Action item: The response should reproduce exactly the lines from the top of the listing below through the one that contains "- Burial/Memorial Location: Honolulu", and nothing else; pictures do not belong in it.

Dataset records:

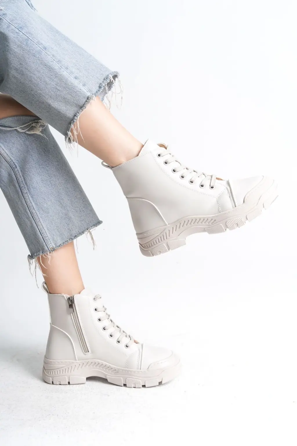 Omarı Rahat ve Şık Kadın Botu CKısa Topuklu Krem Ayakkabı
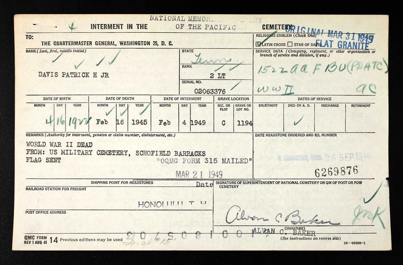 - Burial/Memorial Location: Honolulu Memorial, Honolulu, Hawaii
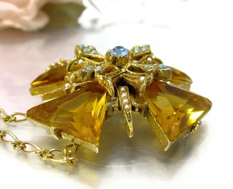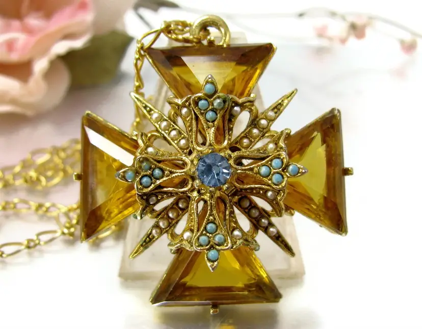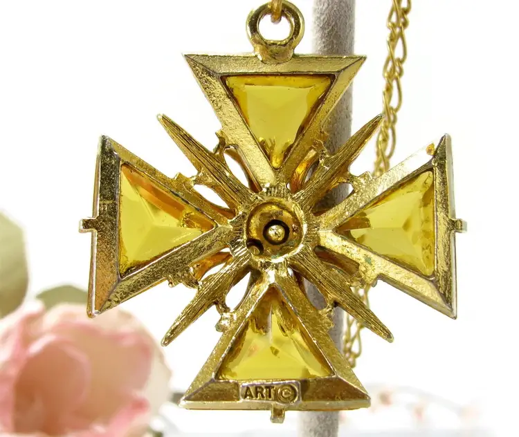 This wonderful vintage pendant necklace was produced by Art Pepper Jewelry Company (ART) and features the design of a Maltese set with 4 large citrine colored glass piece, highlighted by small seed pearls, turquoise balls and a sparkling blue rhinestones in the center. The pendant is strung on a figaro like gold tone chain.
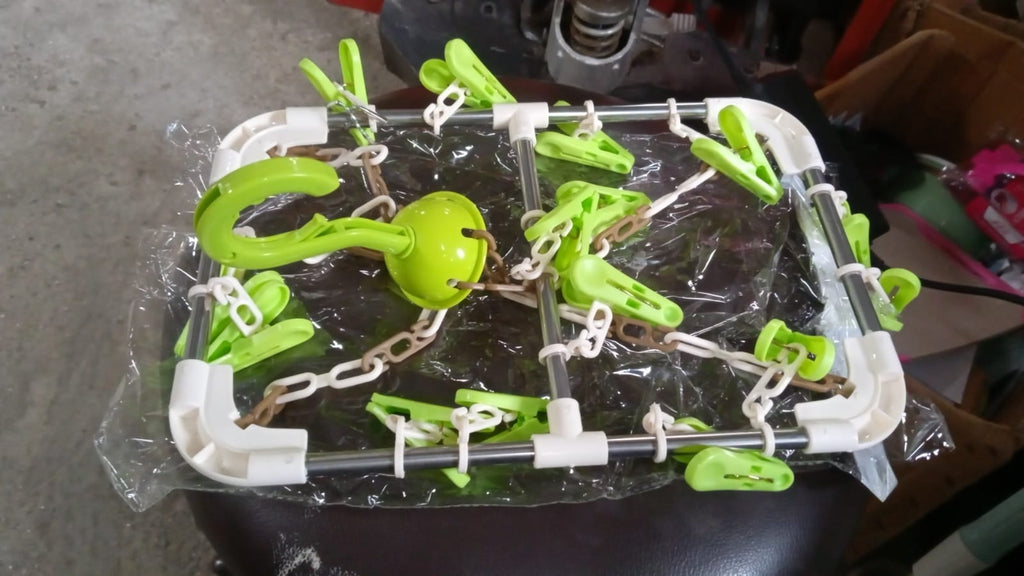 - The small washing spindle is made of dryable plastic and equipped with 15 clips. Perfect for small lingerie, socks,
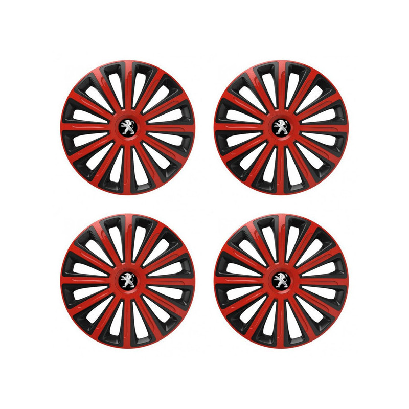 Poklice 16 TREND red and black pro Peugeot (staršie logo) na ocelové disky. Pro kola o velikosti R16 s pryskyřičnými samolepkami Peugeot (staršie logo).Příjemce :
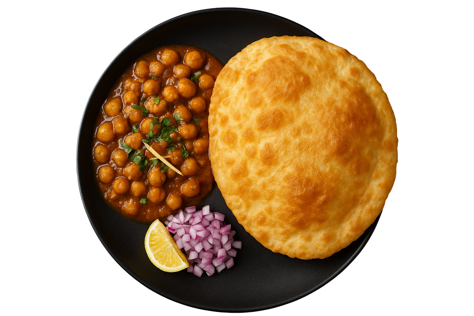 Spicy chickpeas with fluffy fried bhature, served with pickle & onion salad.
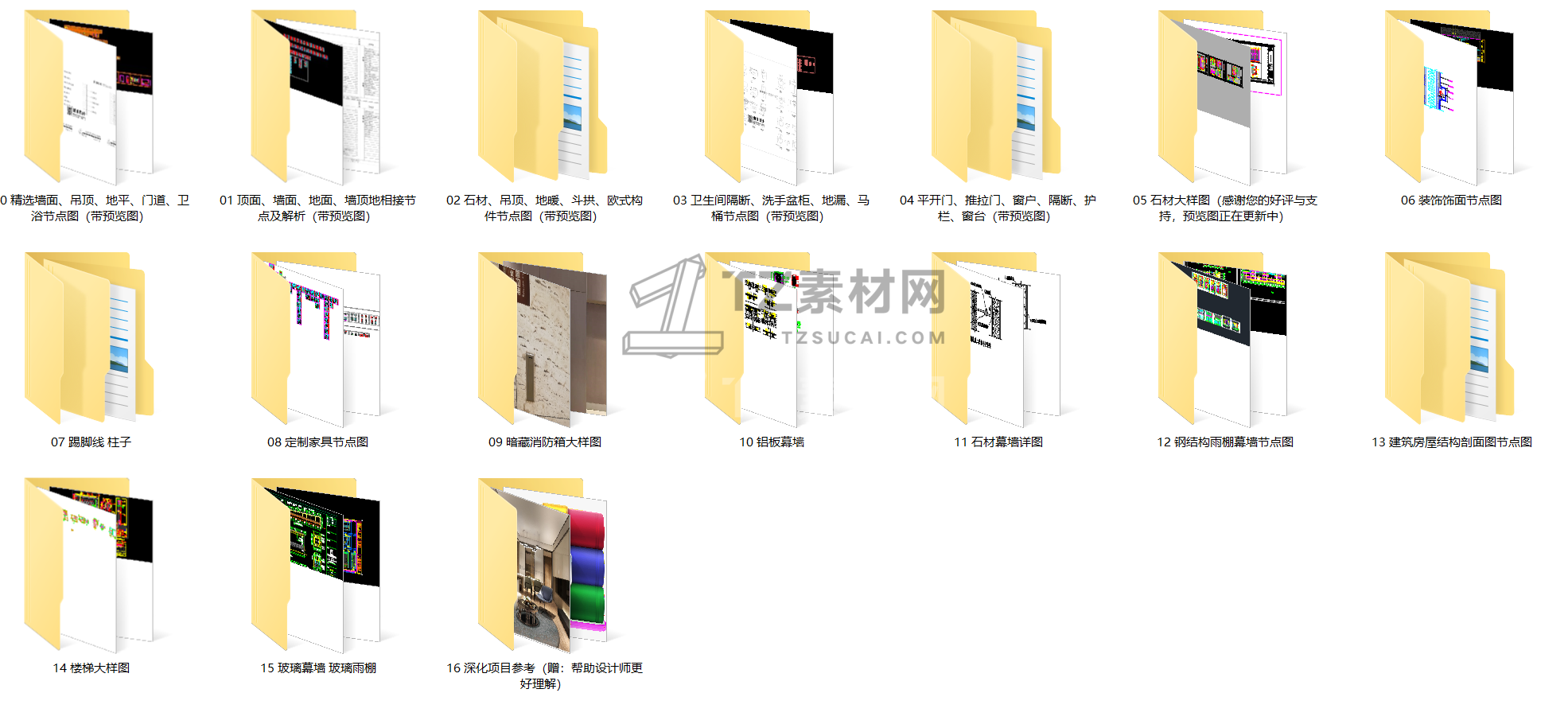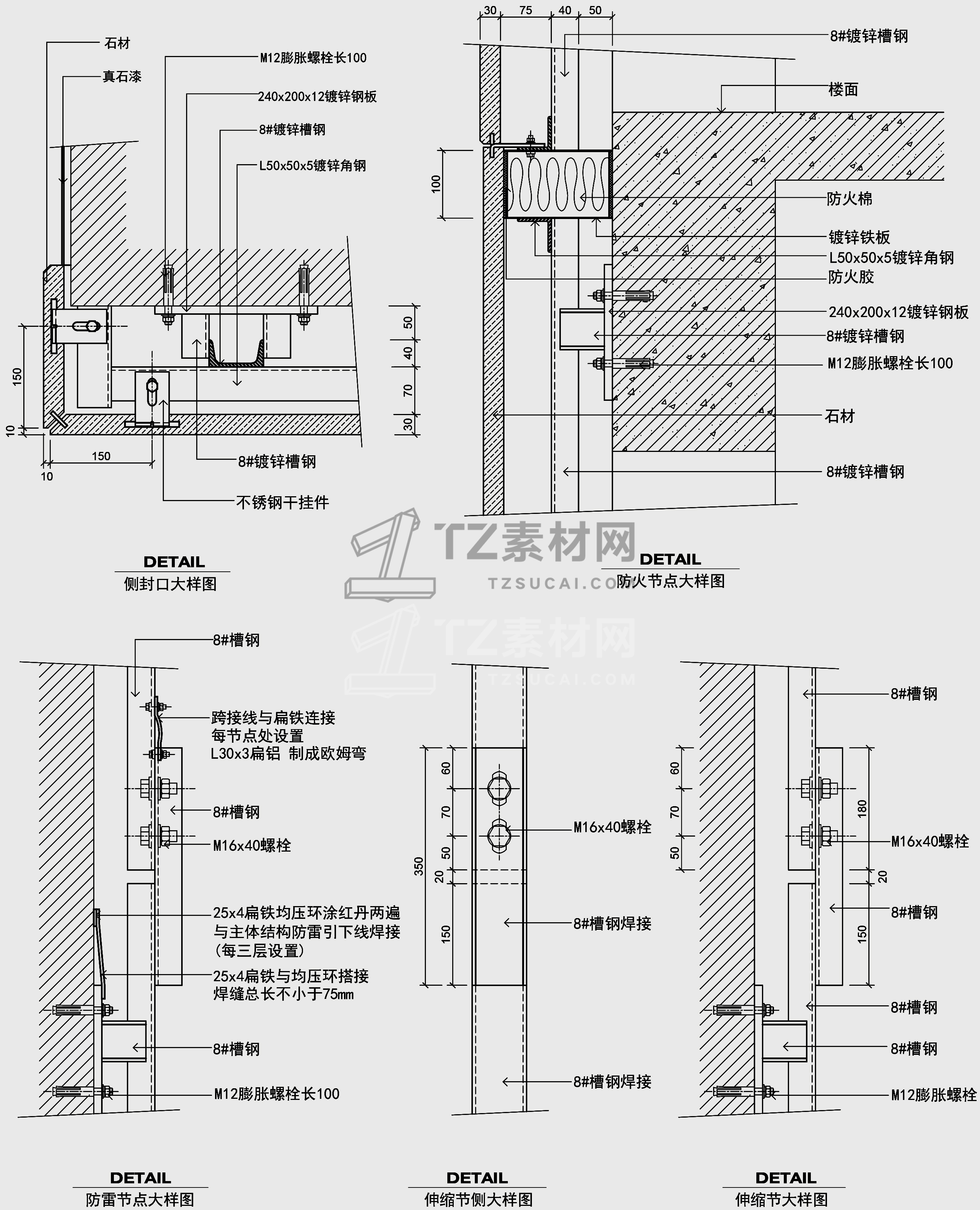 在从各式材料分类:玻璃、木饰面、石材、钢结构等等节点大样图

Answer:
 Omarı Rahat ve Şık Kadın Botu CKısa Topuklu Krem Ayakkabı
 - Burial/Memorial Location: Honolulu Memorial, Honolulu, Hawaii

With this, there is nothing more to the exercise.